Electronic Properties of Suspended Few-Layer Graphene Membranes
- Author(s): Myhro, Kevin Scott
- Advisor(s): Lau, Jeanie
- et al.
Graphene, the two-dimensional (2D) honeycomb lattice of sp2-hybrized carbon atoms, has emerged as a “wonder” material with unique properties, such as its linear energy dispersion with massless Dirac fermions, so-called half-integer quantum Hall (QH) effect, unparalleled tensile strength, and high optical transparency and thermal conductivity. Its few-layer counterparts have similar mechanical but remarkably different electrical properties, including layer- and stacking-dependent band structures, massive charge carriers, and energy gaps that may arise from single particle effect as well as electronic interactions.

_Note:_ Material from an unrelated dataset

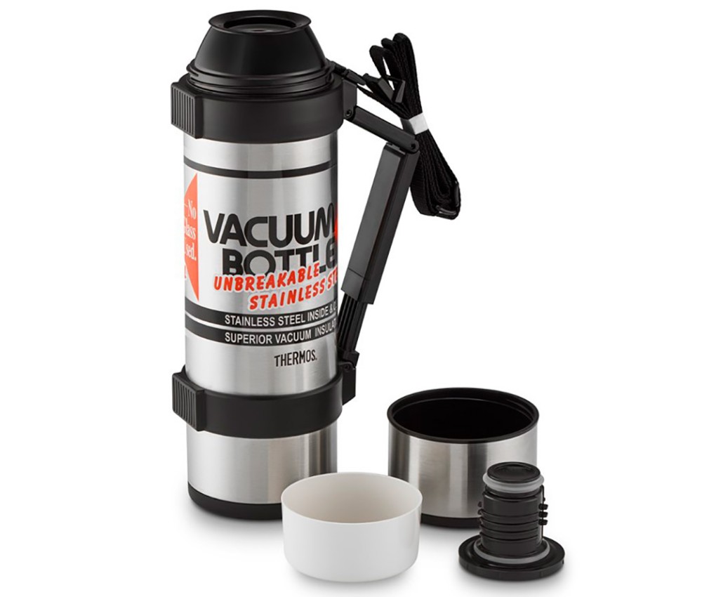 Термос разработан японской корпорацией Nissan Thermos и занимает лидирующие позиции по температурным характеристикам. Винтовая пробка имеет пазы для выливания напитков. Чтобы налить напиток в чашку, достаточно повернуть пробку на пол-оборота и не выкручивать её полностью. На верхней стороне пробки предусмотрены указатели потока жидкости.

This dissertation reports my six year study of dual-gated suspended few-layer graphene (FLG) field effect transistor (FET) devices. In particular, we focus on their electronic transport properties at low temperature as a function of out-of-plane electric field E_⊥ and interlayer potential U_⊥, charge carrier density n, temperature T, and out-of-plane (B_⊥) and parallel (B_⫽) magnetic fields. A number of broken symmetry states in the absence and presence of external fields are observed in rhombohedral-stacked bilayer- (BLG), trilayer- (r-TLG), and tetralayer graphene (r-4LG). We also study the morphological deformation of suspended graphene membranes under electrostatic and thermal manipulation, which is relevant for analyzing low temperature transport data.
In particular, in BLG, r-TLG and r-4LG, we observe intrinsic insulating states in the absence of external fields, with energy gaps of 2, ~40, and ~80 meV, respectively. We attribute this increasing gap size with number of layers N to enhanced electronic-interactions near the charge neutrality point, due to the layer-dependent energy dispersions k^N in r-FLG, which give rise to increasingly diverging density of states and interaction strength with increasing N, at least up to four layers. Our observations of the spontaneous insulating state in r-FLG are consistent with a layer antiferromagnetic state with broken time reversal symmetry, where the top and bottom layers are oppositely spin polarized.